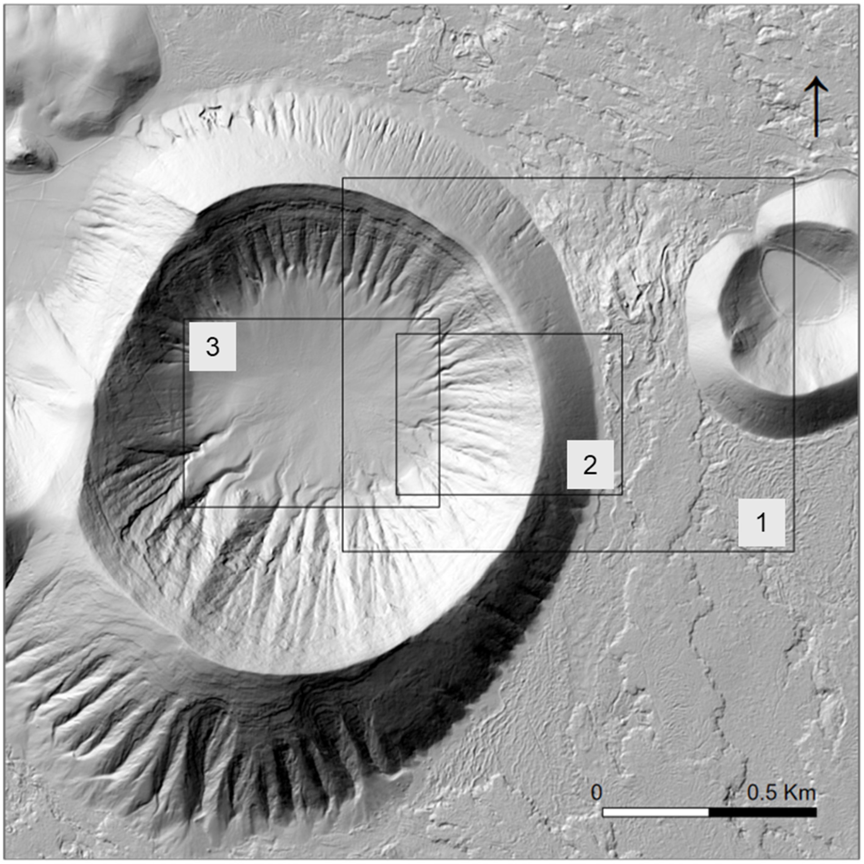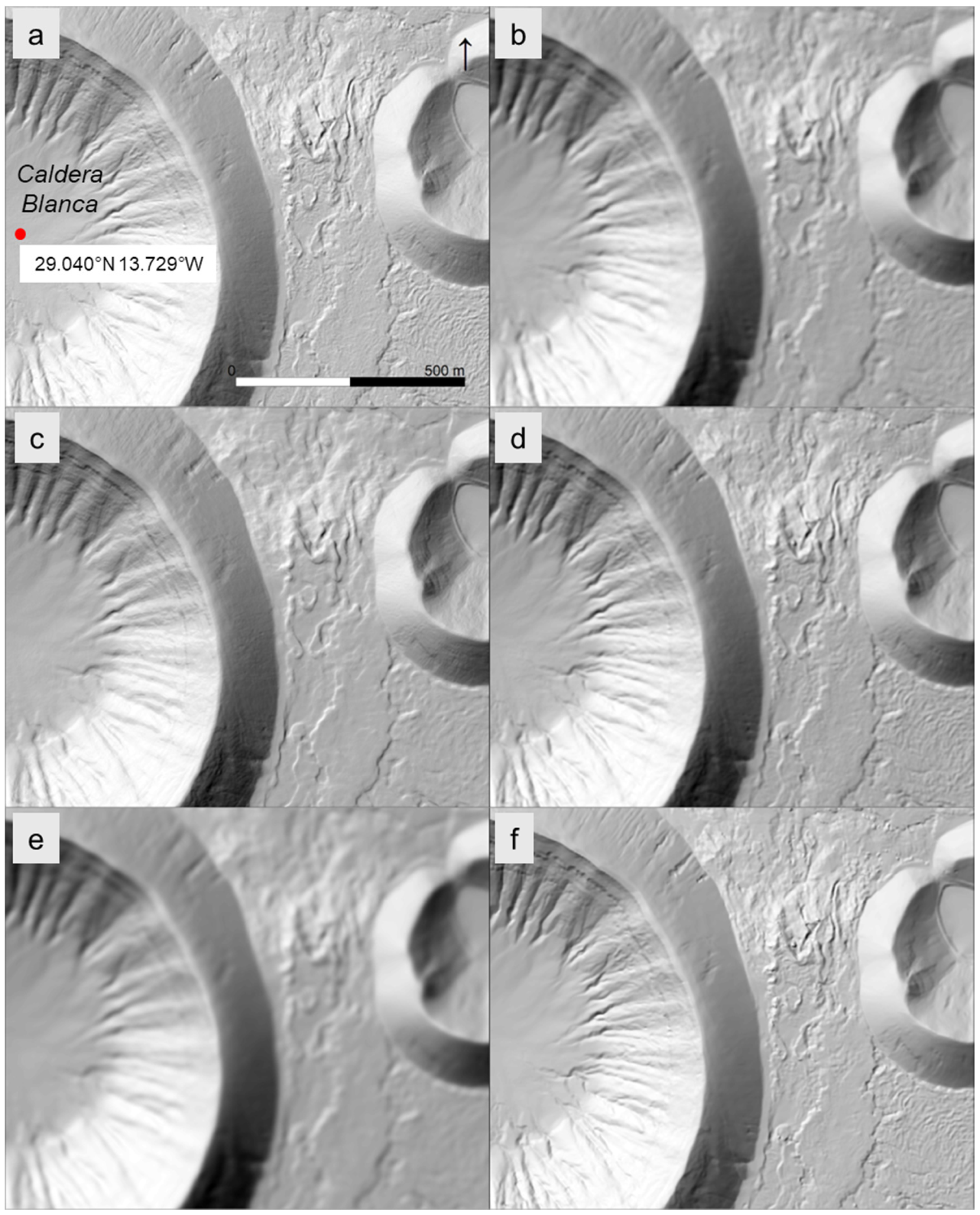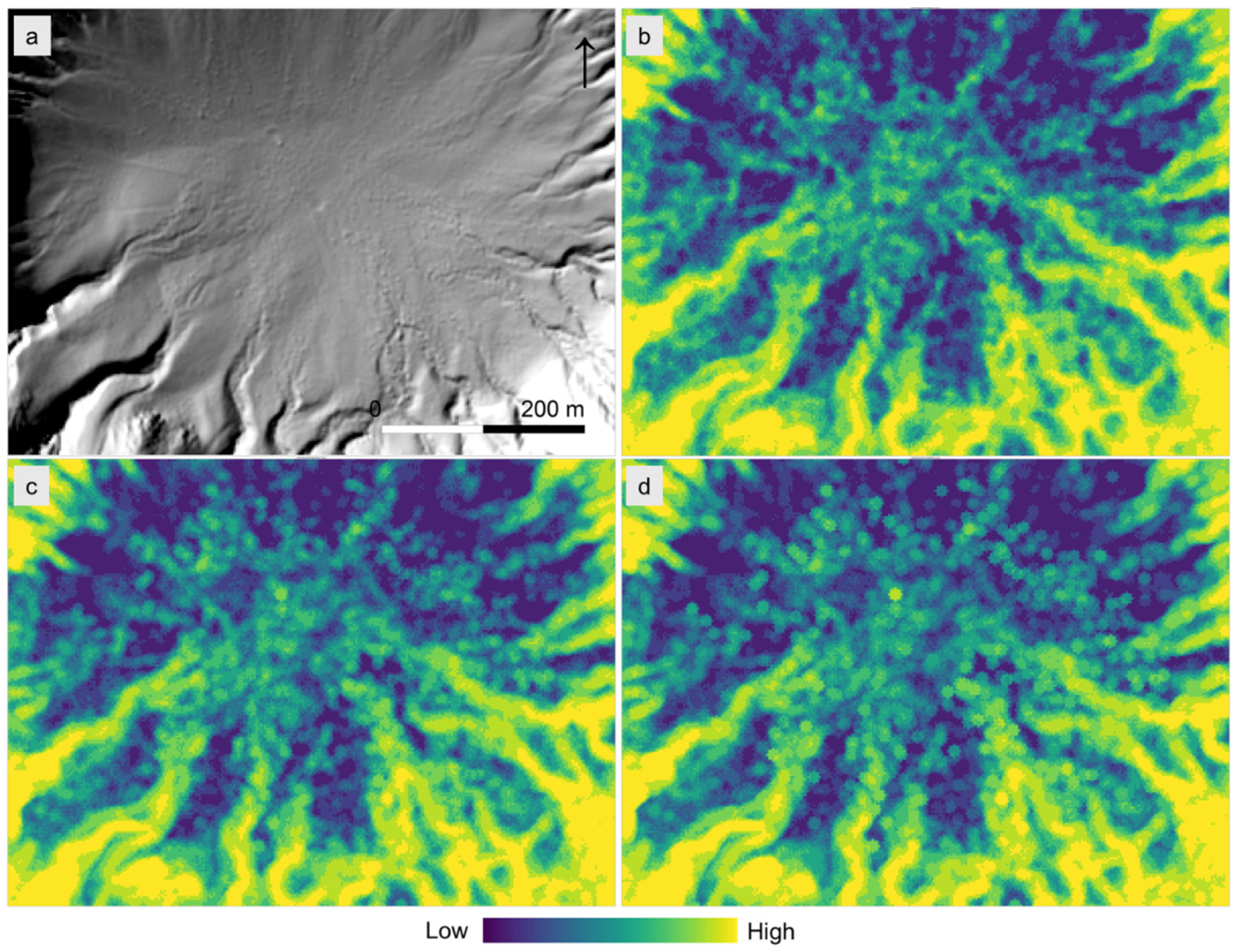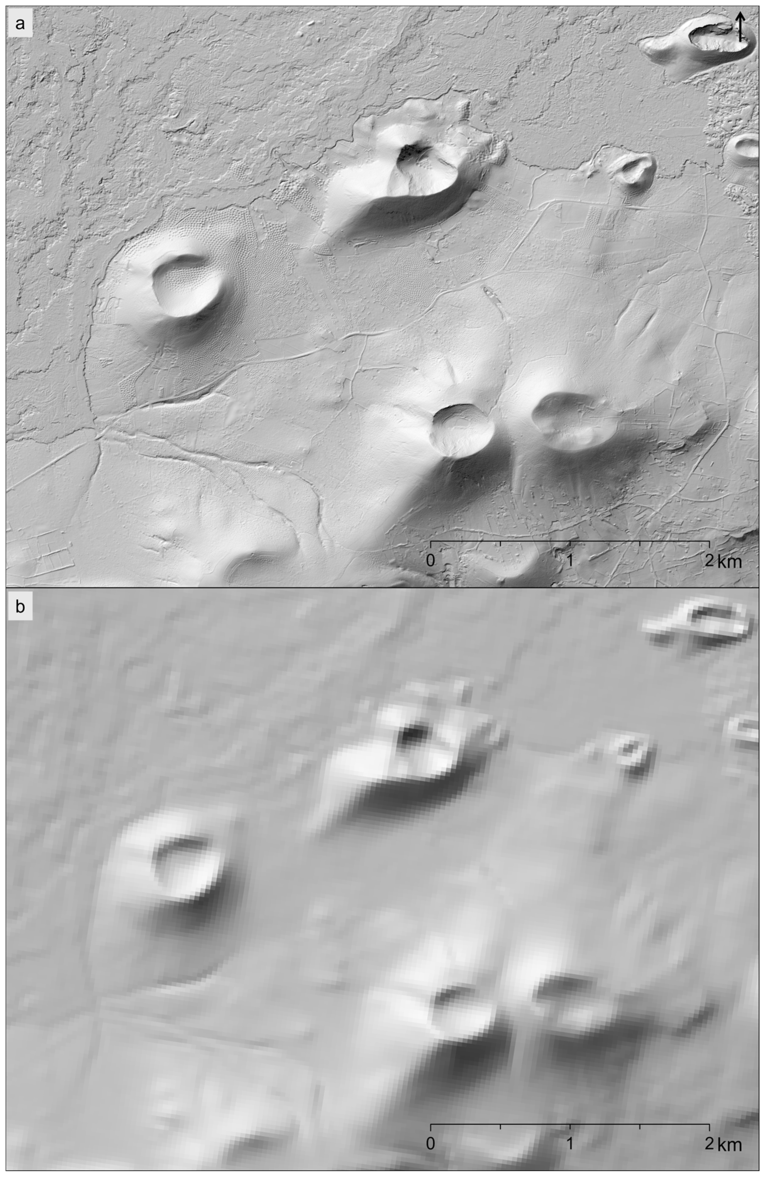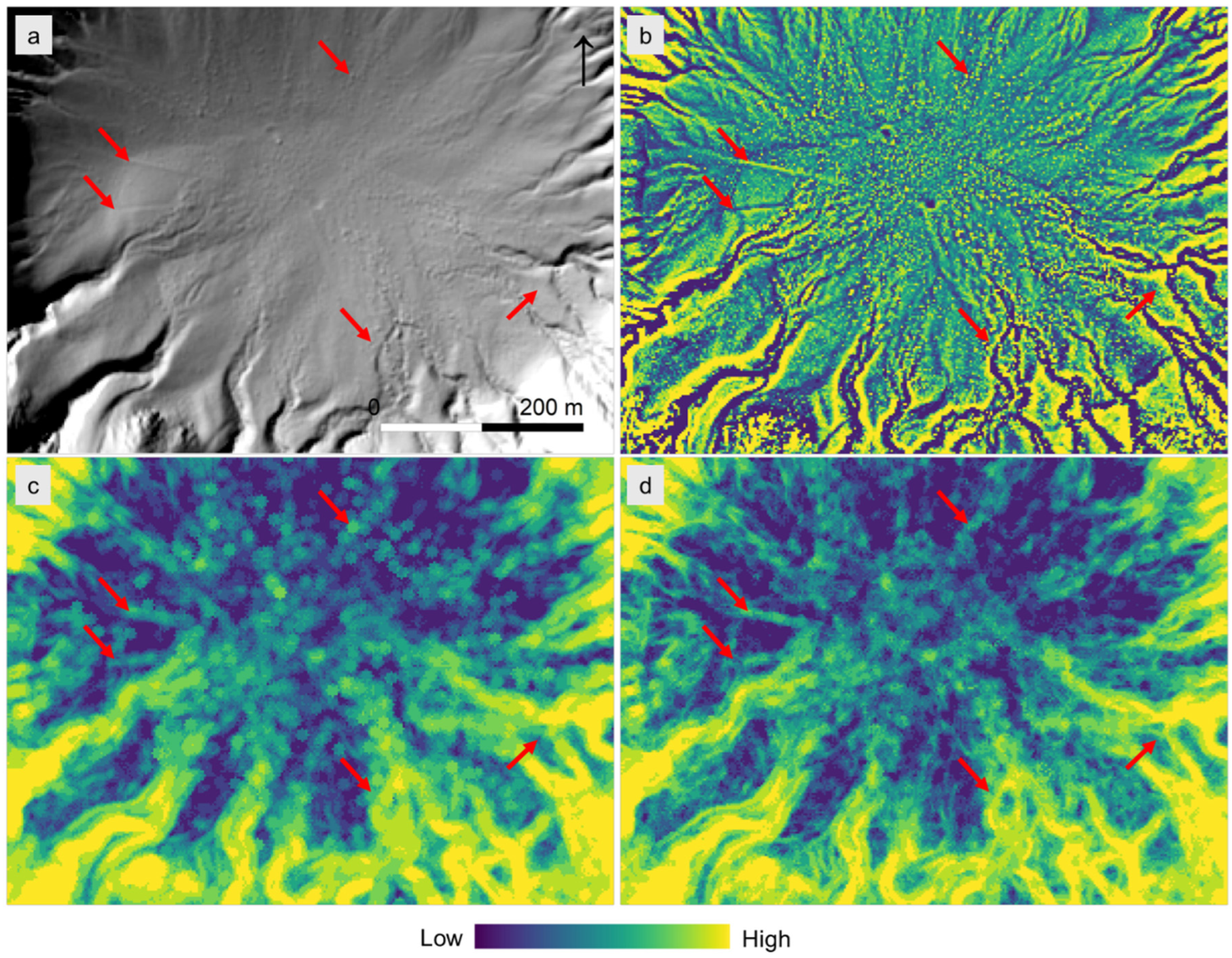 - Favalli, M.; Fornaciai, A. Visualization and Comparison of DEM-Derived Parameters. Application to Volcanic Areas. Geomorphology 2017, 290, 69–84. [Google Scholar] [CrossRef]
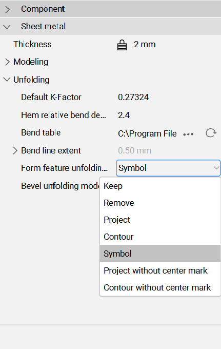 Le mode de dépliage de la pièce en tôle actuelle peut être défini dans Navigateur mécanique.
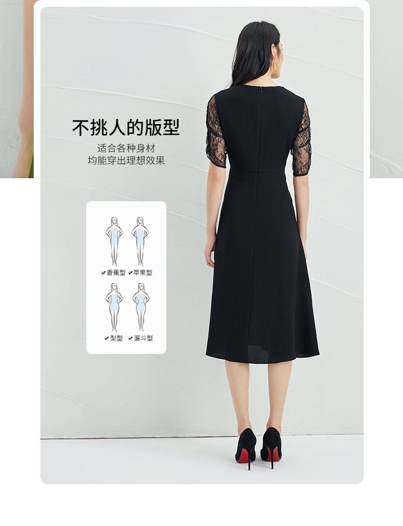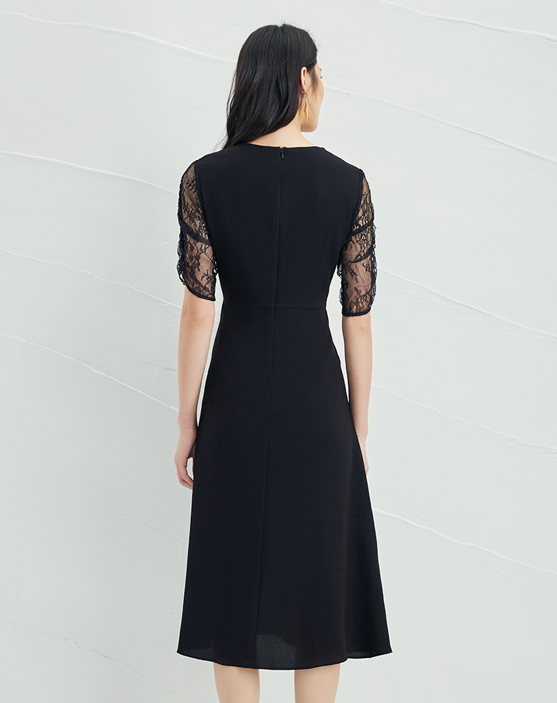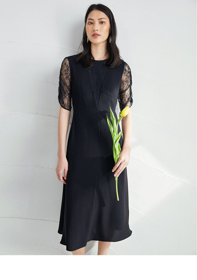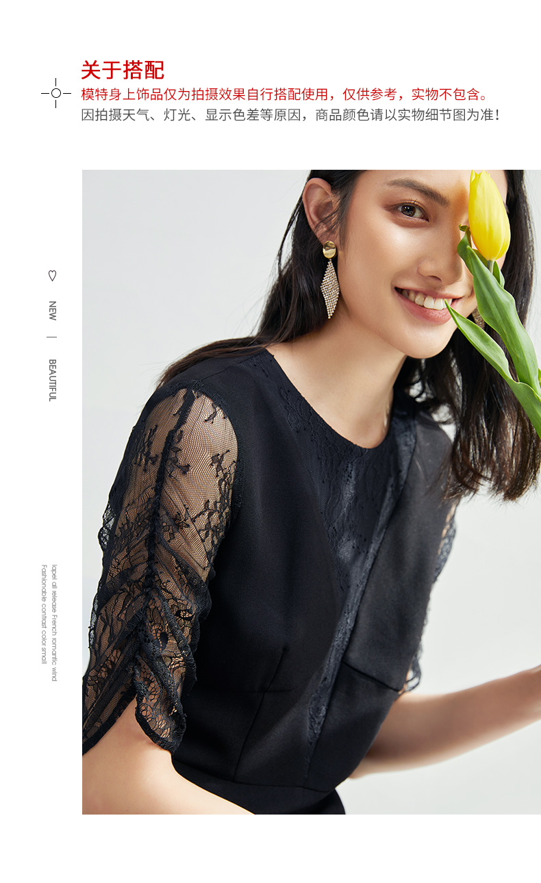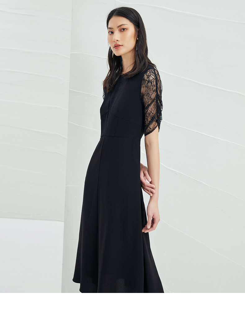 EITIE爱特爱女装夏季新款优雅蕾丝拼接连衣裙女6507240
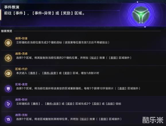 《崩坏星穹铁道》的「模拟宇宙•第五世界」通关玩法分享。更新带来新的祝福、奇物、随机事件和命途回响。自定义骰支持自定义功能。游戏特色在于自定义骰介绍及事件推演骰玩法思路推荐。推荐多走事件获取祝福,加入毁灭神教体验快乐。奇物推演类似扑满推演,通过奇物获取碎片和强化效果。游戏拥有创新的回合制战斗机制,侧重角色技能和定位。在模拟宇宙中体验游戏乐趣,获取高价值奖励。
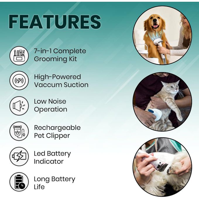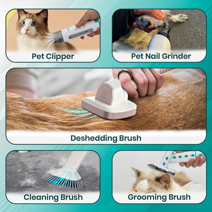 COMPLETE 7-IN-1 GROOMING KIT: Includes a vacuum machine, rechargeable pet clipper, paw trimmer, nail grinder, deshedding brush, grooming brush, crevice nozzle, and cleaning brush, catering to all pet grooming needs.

• _Try it_:
Once the pictures are set aside, reproduce the records in full and exactly.

• _Solution to this task_:
 - Favalli, M.; Fornaciai, A. Visualization and Comparison of DEM-Derived Parameters. Application to Volcanic Areas. Geomorphology 2017, 290, 69–84. [Google Scholar] [CrossRef]
 Le mode de dépliage de la pièce en tôle actuelle peut être défini dans Navigateur mécanique.
 EITIE爱特爱女装夏季新款优雅蕾丝拼接连衣裙女6507240
 《崩坏星穹铁道》的「模拟宇宙•第五世界」通关玩法分享。更新带来新的祝福、奇物、随机事件和命途回响。自定义骰支持自定义功能。游戏特色在于自定义骰介绍及事件推演骰玩法思路推荐。推荐多走事件获取祝福,加入毁灭神教体验快乐。奇物推演类似扑满推演,通过奇物获取碎片和强化效果。游戏拥有创新的回合制战斗机制,侧重角色技能和定位。在模拟宇宙中体验游戏乐趣,获取高价值奖励。
 COMPLETE 7-IN-1 GROOMING KIT: Includes a vacuum machine, rechargeable pet clipper, paw trimmer, nail grinder, deshedding brush, grooming brush, crevice nozzle, and cleaning brush, catering to all pet grooming needs.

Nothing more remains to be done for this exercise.